#### Assignment:
Take the line with "Turning the envelope" and every line after it, through the end of the listing, and give them again exactly, pictures excluded.

#### Dataset excerpt:
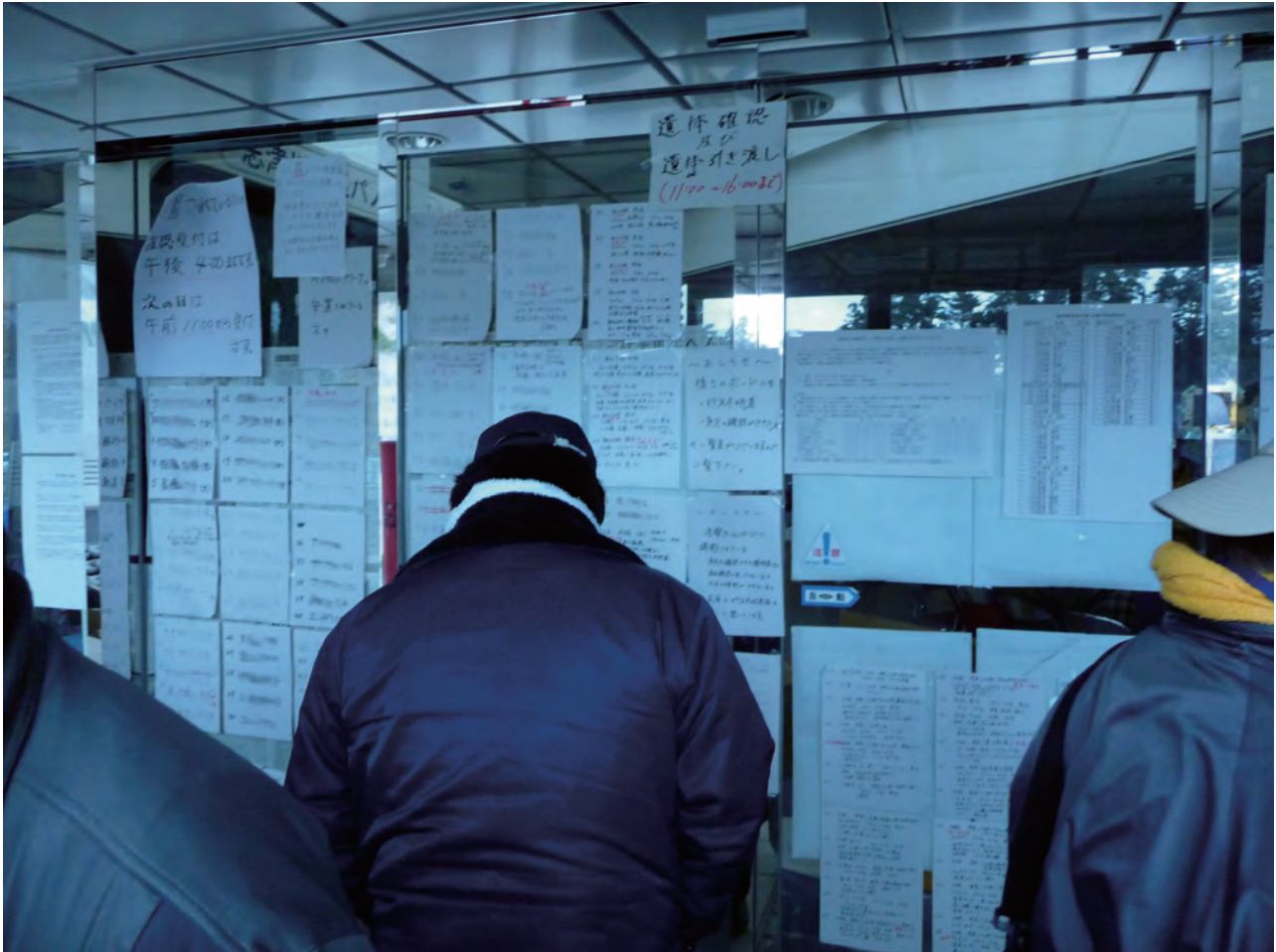
▲Residents at Bayside Arena reading postings about the deceased with a sense of prayer.
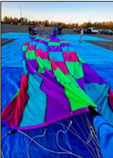
Turning the envelope inside out was no easy task. The first inflation was a lot of work.
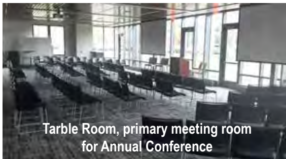
Tarble Room, primary meeting room for Annual Conference

#### Answer for the task:
Turning the envelope inside out was no easy task. The first inflation was a lot of work.
Tarble Room, primary meeting room for Annual Conference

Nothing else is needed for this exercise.